George Allen is sitting at home, "shell-shocked" and despondent. Bill Frist has all but vanished into lame-duck irrelevance. John McCain looked like a shell of his former self Tuesday night, and Rush Limbaugh spent a good chunk of his show Thursday blaming the once and future presidential candidate for the GOP's Election Day catastrophe.
How are things looking for 2008, fellas?
At their usual Wednesday gathering this week, conservative leaders said the Republicans can come roaring back in two years if they just start acting like Republicans again. "Democrats will be standing there, naked to the winds, having been forced by Nancy Pelosi to vote for tax increases, gun control and impeaching the president," Grover Norquist tells the Los Angeles Times. The Iraq war will look different than it does today, Norquist says, and George W. Bush won't be on the ballot again.
Norquist is right about at least one of those things, but that just leads to the next question: Who will be on the ballot for the GOP in 2008?
It would seem that Allen has run himself out of the race. To the extent that voters just sent a major message about their discontent with Congress, Frist -- the man who has been presiding over it all as Senate majority leader -- seems like less of a credible candidate than he ever did. And while we still think that McCain would have a shot at winning in a walk if he makes it to the general election in 2008, Limbaugh's comments -- McCain robbed Republicans of the momentum they needed for 2006 by undercutting Bush on the war, on torture and on judges -- underscore how hard it will be for him to get there.
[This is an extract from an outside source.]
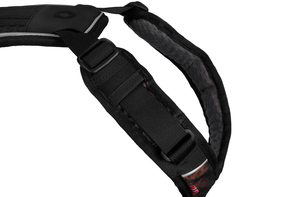 Rock harness is a padded harness which covers multiple aspects of an active lifestyle. The three leash attachment points make it very versatile. In addition to the aluminum D-ring attachment point on the back, there is a hoop for tracking line under the chest, as well as a third point at the front of the harness for mild anti-pull control.

Who's left? We've been seeing a lot of Kansas Sen. Sam Brownback on TV over the last few days, and Nebraska Sen. Chuck Hagel would be a logical choice if the GOP wanted a senator who's not John McCain but who could credibly claim some independence from the Bush administration. But if the primaries were to begin today, we'd think the Republicans would be looking for someone with a little more distance from what's gone wrong over the past six years. That's not Condoleezza Rice. But hello, Mitt Romney and Mike Huckabee. Good morning, George Pataki and Rudy Giuliani. And what do you have to say for yourself, Newt Gingrich?
Well, quite a lot, actually. Appearing at a medical forum in Atlanta Thursday, Gingrich -- who knows a thing or two about wave elections -- blamed Tuesday's electoral outcome on the "four Cs": a lack of competence and candor, too much corruption and bad advice from consultants.
But as the Atlanta Journal-Constitution reports, Gingrich reserved most of his ire for the man he would replace at the White House. "If the president had decided to replace Secretary Rumsfeld, he should have told us two weeks ago," Gingrich said. "I think that we would today control the Senate and probably have 10 to 15 more House seats."
Gingrich said that he found Bush's explanation for the timing of the Rumsfeld announcement "very disturbing," and he accused the president of not being straight with the American people. "It's inappropriate to cleverly come out the day after an election to do something we were told before the election would not be done," Gingrich said. "I think the timing was exactly backwards and I hope the president will rethink how he engages the American people and how he communicates with candor."